INFORMATION SHOWN
• • • •

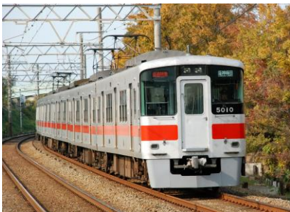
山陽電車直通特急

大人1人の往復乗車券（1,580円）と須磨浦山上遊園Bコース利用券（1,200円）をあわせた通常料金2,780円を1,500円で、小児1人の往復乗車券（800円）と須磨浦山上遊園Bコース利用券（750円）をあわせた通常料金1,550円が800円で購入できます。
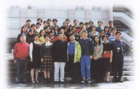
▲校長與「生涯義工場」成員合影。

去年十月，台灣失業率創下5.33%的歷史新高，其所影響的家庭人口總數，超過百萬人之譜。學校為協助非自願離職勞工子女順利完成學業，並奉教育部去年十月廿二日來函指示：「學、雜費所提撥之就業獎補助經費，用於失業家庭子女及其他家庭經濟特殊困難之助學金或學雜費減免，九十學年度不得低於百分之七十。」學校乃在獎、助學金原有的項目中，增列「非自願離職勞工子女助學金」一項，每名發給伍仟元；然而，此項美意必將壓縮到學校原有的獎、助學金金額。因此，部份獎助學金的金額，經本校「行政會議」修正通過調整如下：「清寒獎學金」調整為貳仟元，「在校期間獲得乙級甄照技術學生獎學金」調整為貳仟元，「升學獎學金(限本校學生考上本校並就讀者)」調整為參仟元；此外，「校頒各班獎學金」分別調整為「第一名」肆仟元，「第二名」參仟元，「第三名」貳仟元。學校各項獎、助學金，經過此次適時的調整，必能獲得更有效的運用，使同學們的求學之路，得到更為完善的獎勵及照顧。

• • • •

Without any of its pictures, the listing is to be repeated exactly as it stands.

山陽電車直通特急

大人1人の往復乗車券（1,580円）と須磨浦山上遊園Bコース利用券（1,200円）をあわせた通常料金2,780円を1,500円で、小児1人の往復乗車券（800円）と須磨浦山上遊園Bコース利用券（750円）をあわせた通常料金1,550円が800円で購入できます。
▲校長與「生涯義工場」成員合影。

去年十月，台灣失業率創下5.33%的歷史新高，其所影響的家庭人口總數，超過百萬人之譜。學校為協助非自願離職勞工子女順利完成學業，並奉教育部去年十月廿二日來函指示：「學、雜費所提撥之就業獎補助經費，用於失業家庭子女及其他家庭經濟特殊困難之助學金或學雜費減免，九十學年度不得低於百分之七十。」學校乃在獎、助學金原有的項目中，增列「非自願離職勞工子女助學金」一項，每名發給伍仟元；然而，此項美意必將壓縮到學校原有的獎、助學金金額。因此，部份獎助學金的金額，經本校「行政會議」修正通過調整如下：「清寒獎學金」調整為貳仟元，「在校期間獲得乙級甄照技術學生獎學金」調整為貳仟元，「升學獎學金(限本校學生考上本校並就讀者)」調整為參仟元；此外，「校頒各班獎學金」分別調整為「第一名」肆仟元，「第二名」參仟元，「第三名」貳仟元。學校各項獎、助學金，經過此次適時的調整，必能獲得更有效的運用，使同學們的求學之路，得到更為完善的獎勵及照顧。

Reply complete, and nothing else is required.